Cache protocols play a key role in the modern parallel or distributed computer systems. They are complex algorithms that must deal with asynchrony, unpredictable message delays, and multiple paths between many processes. Due to high concurrency, a system consisting of only 4-5 nodes, which runs cache protocol, has a huge number of possible executions, let alone the practical systems consisting of hundred of nodes. So neither unaided human reasoning nor traditional simulation-based validation can be relied upon to flush out all bugs. On the other side, formal methods are mathematically based techniques for specifying and verifying systems. Their mathematical underpinning allows formal methods to exhaustive state space exploration, and this can produce a high degree of confidence in the correctness of a cache protocol.
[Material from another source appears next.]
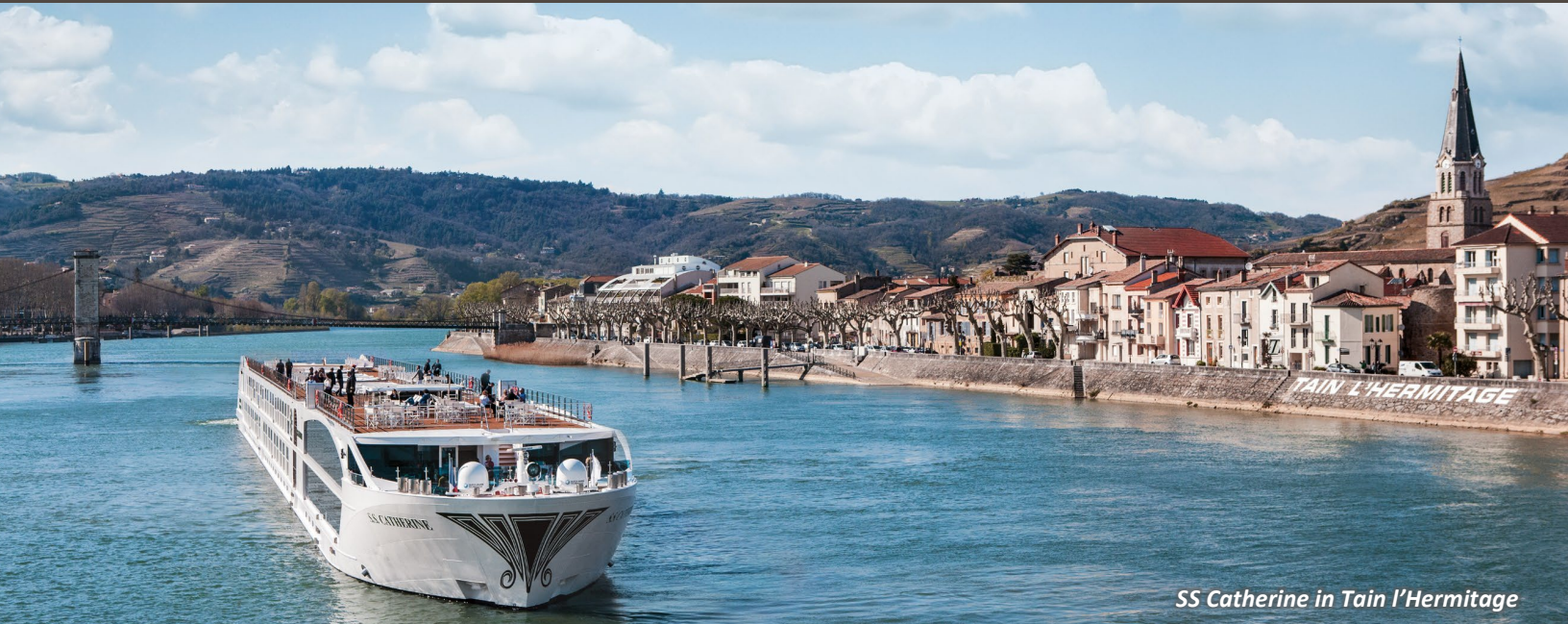
SS Catherine in Tain l'Hermitage

SS CATHERINE › 7 NIGHTS › LYON TO ARLES › APRIL 26 TO MAY 3, 2026

Mechanical theorem proving and model checking are the two main methods applied to formal verification for cache protocols, each with its strength and weakness. Mechanical theorem proving is more general, and makes available the full power of formal mathematics and logic, to deal with the infinite states. The lemmas and proofs so obtained exactly show the invariants of the verified protocols and why the invariants hold. However, mechanical theorem proving requires human guidance to some theorem prover. Users need complete knowledge of both the protocols verified and the theorem-prover used. Model-checking enumerates all the reachable states of the protocol, checking whether the specified properties are satisfied. It is fully automatic, but is applicable to only the verification of a small system, and suffers from state exploration problem when the size of the verified system is large. Typically, the configuration size is 3 or 4. Model-checking can not answer why the protocol is correct in any system which consists of arbitrary number of nodes.
We want combine model-checking and theorem proving to verify the invariants of cache protocol. Recently, Chou, Mannava, and Park [A Simple Method for Parameterized Verification of Cache Coherence Protocols, FMCAD 2004: 382-398] proposes an iterative "counter-example-guided abstraction refinement" principle to construct an abstract model. Roughly speaking, they start from a naïve model, then refine it by the aforementioned principle. At each step, the analysis of the counterexample trace provided by the model checker results in: (a) locating a rule of the building model that causes the counterexample; (b) finding a new purported invariant which can be used to strengthen the guard so that the offending transitions becomes impossible. This process is completed when the invariants considered and all newly added invariants can be satisfied in the abstraction model.
Unfortunately the mathematical foundation of their work is by no means so simple as regarded. Their accountings are too sketchy, and not easy to be understood. It is necessary to formalise the mathematical foundation in a formal theorem prover, which can help us to achieve the highest possible assurance for all the results.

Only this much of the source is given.